Yan et al., ACL-IJCNLP 2009
Citation
Yulan Yan, Naoaki Okazaki, Yutaka Matsuo, Zhenglu Yang, and Mitsuru Ishizuka. 2009. Unsupervised relation extraction by mining Wikipedia texts using information from the web. In Proceedings of the Joint Conference of the 47th Annual Meeting of the ACL and the 4th International Joint Conference on Natural Language Processing of the AFNLP: (ACL-IJCNLP '09), Vol. 2. Association for Computational Linguistics, Morristown, NJ, USA, 1021-1029.
Online version
Summary
This paper presents an unsupervised method (clustering) of Relation Extraction from Wikipedia pages. The authors used the combination of dependency patterns and surface patterns.
Motivation
Existing semi-supervised and unsupervised methods extraction relations using the redundancy information from corpus or the Web. The co-occurrences of word pairs are collected from the corpus and surface patterns are generated. The hypothesis of the paper is that the semantic features such as the dependency of the text can be useful to extract relations.
The main idea of the paper is to combine the linguistic analysis of Wikipedia pages and frequency information from the Web and improve the relation extraction performance.
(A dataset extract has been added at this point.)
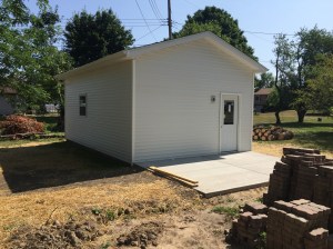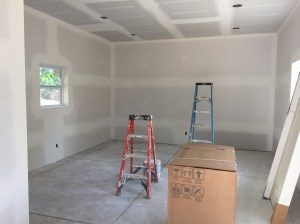 Dry wall is up; we are just waiting for it to dry before painting. Then it will be floor installation, AC/Heat installation, and toilet and vanity installation. Then it will be up to us to move all the equipment in that has been sitting in our garage for the last two weeks!
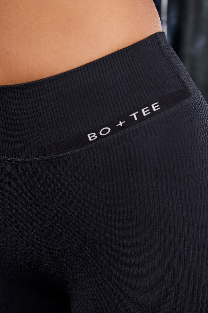 Siyah Yüksek Bel Bölünmüş Flare Kaburga Tayt

The pairs of the concepts extracted in Wikipedia pages are grouped into several clusters based on the similarity of their context patterns: dependency patterns from the Wikipedia and surface patterns from the Web.
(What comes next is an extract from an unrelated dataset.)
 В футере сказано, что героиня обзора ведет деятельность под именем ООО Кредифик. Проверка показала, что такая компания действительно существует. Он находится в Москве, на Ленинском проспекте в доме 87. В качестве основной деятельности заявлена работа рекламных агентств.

- The pairs of concepts are first extracted from Wikipedia pages. The anchor-text concepts in the article describing a concepts are considered as related concepts to the described concept.
- The concept pairs are used as queries to Google and retrieve snippets from it.
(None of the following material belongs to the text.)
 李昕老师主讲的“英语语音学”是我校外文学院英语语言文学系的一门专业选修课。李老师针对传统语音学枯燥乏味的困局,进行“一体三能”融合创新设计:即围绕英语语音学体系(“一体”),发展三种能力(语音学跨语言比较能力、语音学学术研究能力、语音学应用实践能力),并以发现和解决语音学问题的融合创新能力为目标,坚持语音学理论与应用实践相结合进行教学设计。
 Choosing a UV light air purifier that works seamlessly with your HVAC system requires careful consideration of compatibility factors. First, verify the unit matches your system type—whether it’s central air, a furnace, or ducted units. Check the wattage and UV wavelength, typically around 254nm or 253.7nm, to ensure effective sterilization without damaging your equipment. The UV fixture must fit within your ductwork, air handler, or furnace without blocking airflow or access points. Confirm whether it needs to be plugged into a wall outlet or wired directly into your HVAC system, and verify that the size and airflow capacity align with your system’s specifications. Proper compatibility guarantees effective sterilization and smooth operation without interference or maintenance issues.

- Relational terms (verbs and nouns) are extracted from sentences mention concept pairs. These terms are ranked using a entropy based method (Chen et al., IJCNLP 2005).
- Surface patterns are the generated from the strings between the pair of concepts in the snippets.
- Dependency patterns are generated using the sub path of the shortest path between a concept pair in dependency tree of the selected sentence in Wikipedia.
- K-means method was used to cluster the concept pairs into groups.
Evaluation
The method was evaluated on two categories in Wikipedia: "American chief executives" and "Companies". The proposed method was able to find more instances relations with much higher precision.
Related papers
The authors of this paper used the sub paths instead of the full path of the shortest dependency paths (Bunescu and Mooney, EMNLP 2005) as the dependency patterns. They were trying to improve the coverage of the patterns in this way.